Noi abbiamo concluso l’anno scorso, con la Dda di Brescia, una grossa attività di indagine relativa un incendio del 2014, forse la prima del genere, e abbiamo ricostruito l’origine dei rifiuti addirittura dalla materia combusta. Quindi, attraverso la caratterizzazione dei rifiuti abbiamo rilevato che in quel sito, che pure era regolarmente autorizzato, si trovavano dei rifiuti che lì non potevano stare, perché per quelli non c’erano le autorizzazioni necessarie.
E siamo risaliti alla provenienza dei rifiuti, che in quel caso provenivano dalla Campania, al mancato trattamento in alcuni impianti del Nord, e al conferimento al termovalorizzatore di rifiuti che non erano stati trattati. Non ci preoccupiamo del reato di incendio ma di quello di traffico di rifiuti illecito».
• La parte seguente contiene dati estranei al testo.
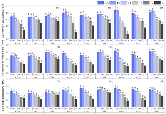 Figure 7. Changes in pigment content in leaves of different winter wheat varieties under low-temperature stress. (ac) represent the changes in chlorophyll A (Chla) content in the leaves of “Zhenmai 12” (C1), “Jimai 22” (C2), and “Shannong 38” (incorrectly labeled as C2, which should be C3) under different low-temperature stresses for durations of 2 days (D1), 4 days (D2), and 6 days (D3), respectively. (df) represent the changes in chlorophyll B (Chlb) content in the leaves of “Zhenmai 12” (C1), “Jimai 22” (C2), and “Shannong 38” (C3) under different low-temperature stresses for durations of 2 days (D1), 4 days (D2), and 6 days (D3), respectively. (gi) represent the changes in carotenoid (Car) content in the leaves of “Zhenmai 12” (C1), “Jimai 22” (C2), and “Shannong 38” (C3) under different low-temperature stresses for durations of 2 days (D1), 4 days (D2), and 6 days (D3), respectively. Measurements were performed in triplicate, representing each value as “mean ± standard deviation (SD).” Note: According to Duncan’s test, lowercase letters indicate significant differences at p < 0.05.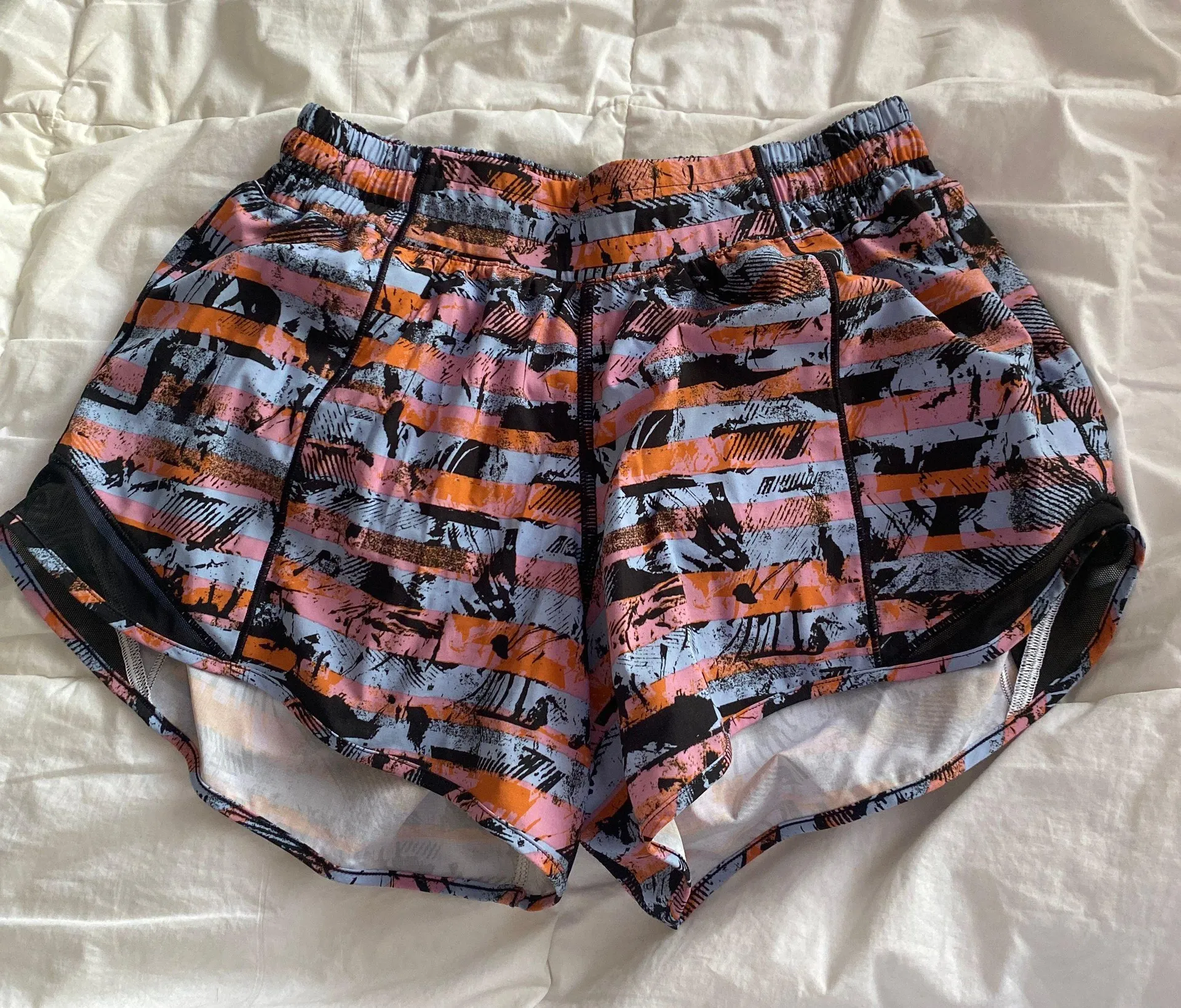 Lululemon Hotty Hot Shorts Rare Pattern Size 6 Tall Pink/Orange/Blue/Black Black Mesh side detaili... Show more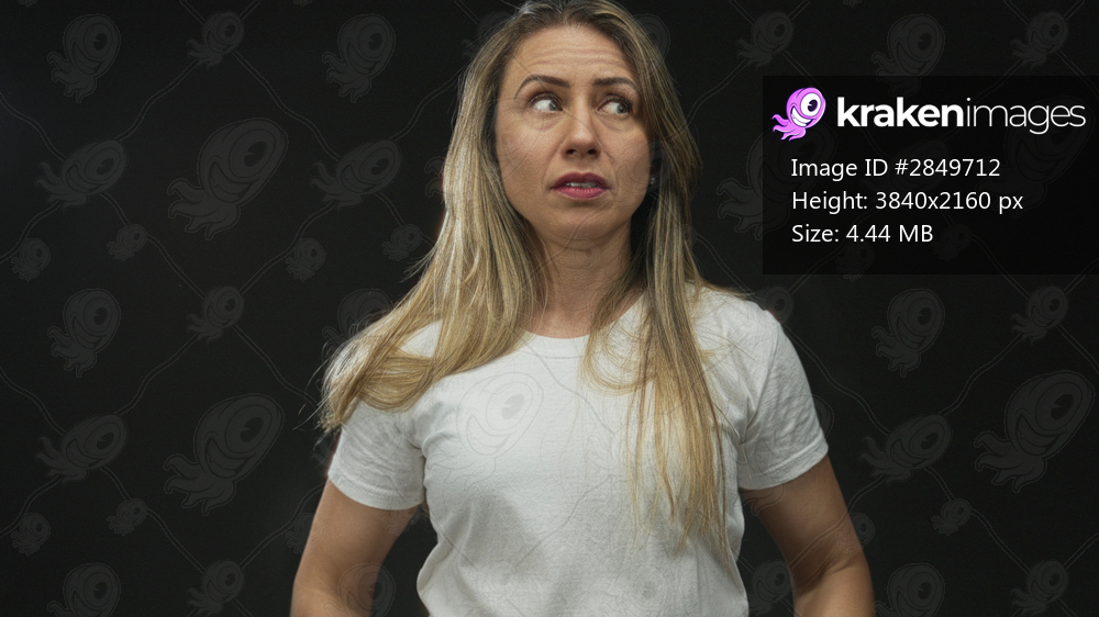 Middle age blonde woman grimaces and rolls eyes upward in black studio portrait; annoyance frustration.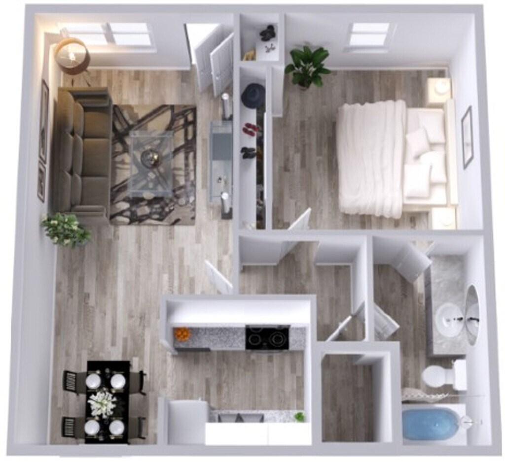 Apartment Model: 1 bed 1 bath1 Bedroom, 1 Bath, 673 sq ftAvailable NowFloorplansPhotos![]()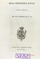 .1802.. LIBRO: .(MARINA DE GUERRA-LEGISLACIÓN).. .REAL ORDENANZA NAVAL PARA EL SERVICIO DE LOS BAXELES DE S. M.. Madrid: Imp. Real, 1802. 4 h. + 507 p. + 1 h. + 5 estados., 4 de ellos plagados. Portada con escudo calcográfico. Texto con apostillas marginales. Algunas páginas tostadas. Sello húmedo de antigua biblioteca. Enc. en pasta española de época, algo rozada, tejuelo.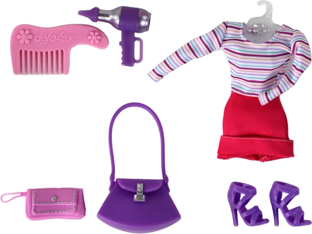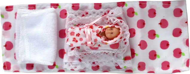 Lucy baba és ruhái mellett a készlet tartalmaz egy nagyobb gyermeket barna hajjal és aranyos piros pöttyös ruhába öltözetve. Ez a szett lenyűgöző elemet kínál a gondoskodásra és a gyerekek képzeletének fejlesztésére az anyaság szimulációján keresztül.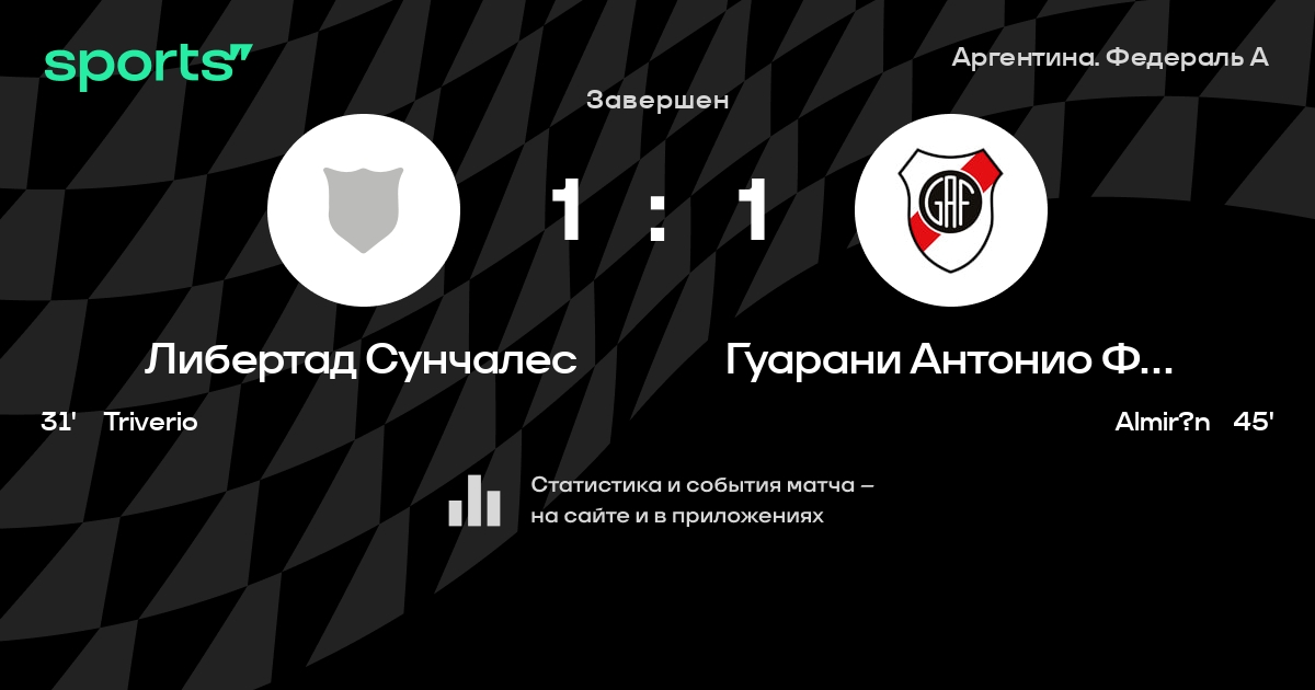 Либертад Сунчалес - Гуарани Антонио Франко: статистика матча

Il fatto che avvengano dei roghi, in conclusione, è una spia che rende visibile il fenomeno. «Il rogo è l’extrema ratio, quando magari temono un controllo, o quando gli è un po’ scappata la mano e hanno esagerato coi quantitativi. Ma la norma è solo l’abbandono. È un fenomeno che abbiamo decifrato attraverso un lavoro di analisi che si fa da anni, e lo stiamo affrontando insieme alla magistratura».